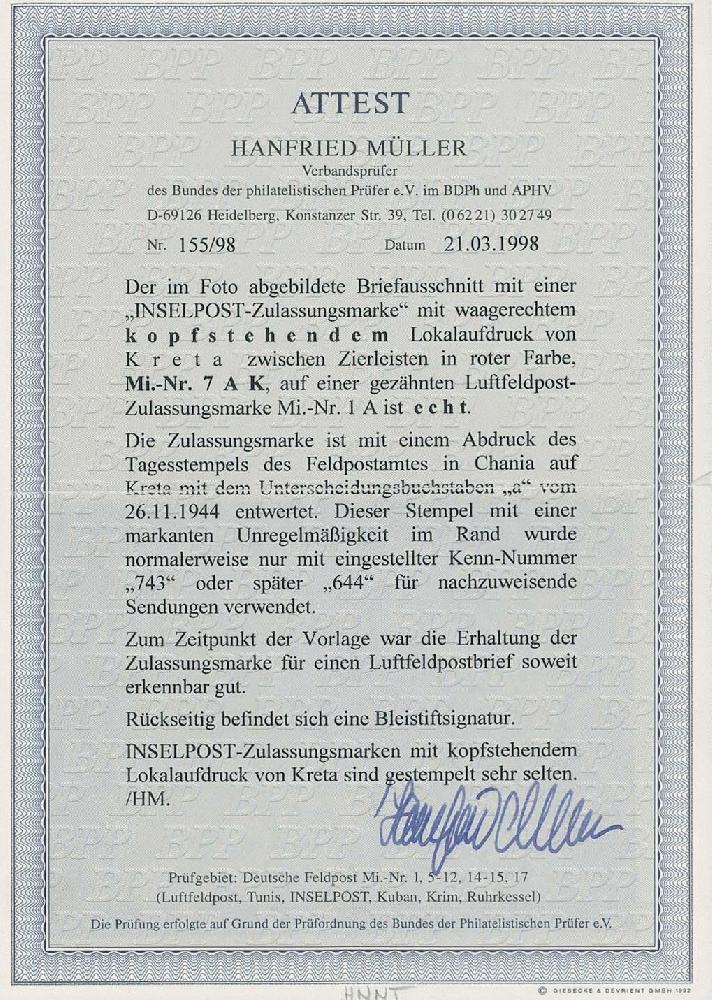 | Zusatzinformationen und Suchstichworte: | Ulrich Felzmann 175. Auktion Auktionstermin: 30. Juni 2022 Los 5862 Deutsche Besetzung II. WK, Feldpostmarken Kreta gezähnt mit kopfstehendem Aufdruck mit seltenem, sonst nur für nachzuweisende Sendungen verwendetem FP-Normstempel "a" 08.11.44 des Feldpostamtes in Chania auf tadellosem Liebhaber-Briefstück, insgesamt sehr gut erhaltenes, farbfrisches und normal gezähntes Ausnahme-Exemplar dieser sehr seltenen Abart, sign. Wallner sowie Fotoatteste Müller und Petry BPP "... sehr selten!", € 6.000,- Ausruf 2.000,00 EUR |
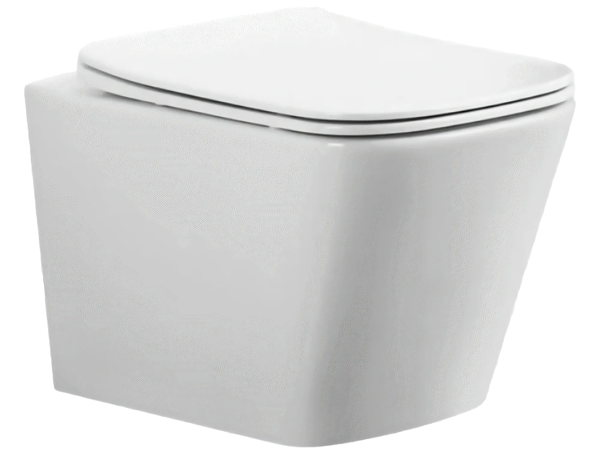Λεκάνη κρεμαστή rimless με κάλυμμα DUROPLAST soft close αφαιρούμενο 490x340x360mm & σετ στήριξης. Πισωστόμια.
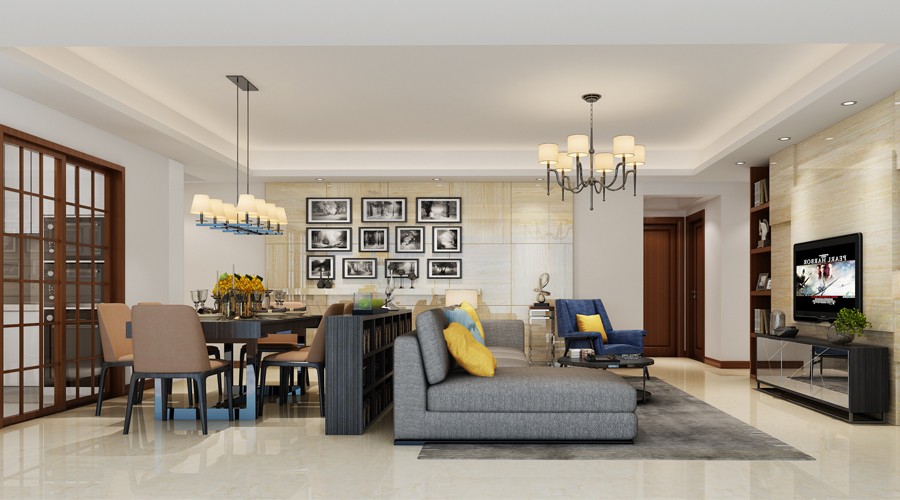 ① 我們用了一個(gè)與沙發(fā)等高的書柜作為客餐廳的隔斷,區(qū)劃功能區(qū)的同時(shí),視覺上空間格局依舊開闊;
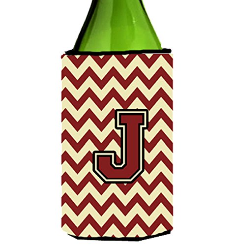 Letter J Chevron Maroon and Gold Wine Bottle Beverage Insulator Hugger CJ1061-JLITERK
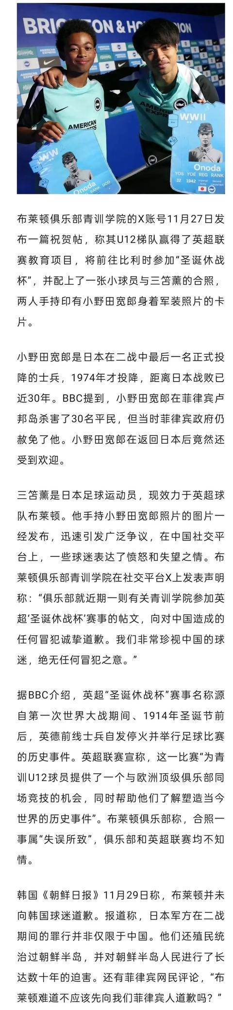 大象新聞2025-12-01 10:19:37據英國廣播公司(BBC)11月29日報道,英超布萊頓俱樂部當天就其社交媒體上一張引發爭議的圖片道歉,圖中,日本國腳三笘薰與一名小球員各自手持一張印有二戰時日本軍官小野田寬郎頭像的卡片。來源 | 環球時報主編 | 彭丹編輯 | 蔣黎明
==========
**ABOUT THIS TASK:**
Generate a word-for-word copy of the preceding records, excluding all pictures.

**RESPONSE AREA:**
 | Zusatzinformationen und Suchstichworte: | Ulrich Felzmann 175. Auktion Auktionstermin: 30. Juni 2022 Los 5862 Deutsche Besetzung II. WK, Feldpostmarken Kreta gezähnt mit kopfstehendem Aufdruck mit seltenem, sonst nur für nachzuweisende Sendungen verwendetem FP-Normstempel "a" 08.11.44 des Feldpostamtes in Chania auf tadellosem Liebhaber-Briefstück, insgesamt sehr gut erhaltenes, farbfrisches und normal gezähntes Ausnahme-Exemplar dieser sehr seltenen Abart, sign. Wallner sowie Fotoatteste Müller und Petry BPP "... sehr selten!", € 6.000,- Ausruf 2.000,00 EUR |
Λεκάνη κρεμαστή rimless με κάλυμμα DUROPLAST soft close αφαιρούμενο 490x340x360mm & σετ στήριξης. Πισωστόμια.
 ① 我們用了一個(gè)與沙發(fā)等高的書柜作為客餐廳的隔斷,區(qū)劃功能區(qū)的同時(shí),視覺上空間格局依舊開闊;
 Letter J Chevron Maroon and Gold Wine Bottle Beverage Insulator Hugger CJ1061-JLITERK
 大象新聞2025-12-01 10:19:37據英國廣播公司(BBC)11月29日報道,英超布萊頓俱樂部當天就其社交媒體上一張引發爭議的圖片道歉,圖中,日本國腳三笘薰與一名小球員各自手持一張印有二戰時日本軍官小野田寬郎頭像的卡片。來源 | 環球時報主編 | 彭丹編輯 | 蔣黎明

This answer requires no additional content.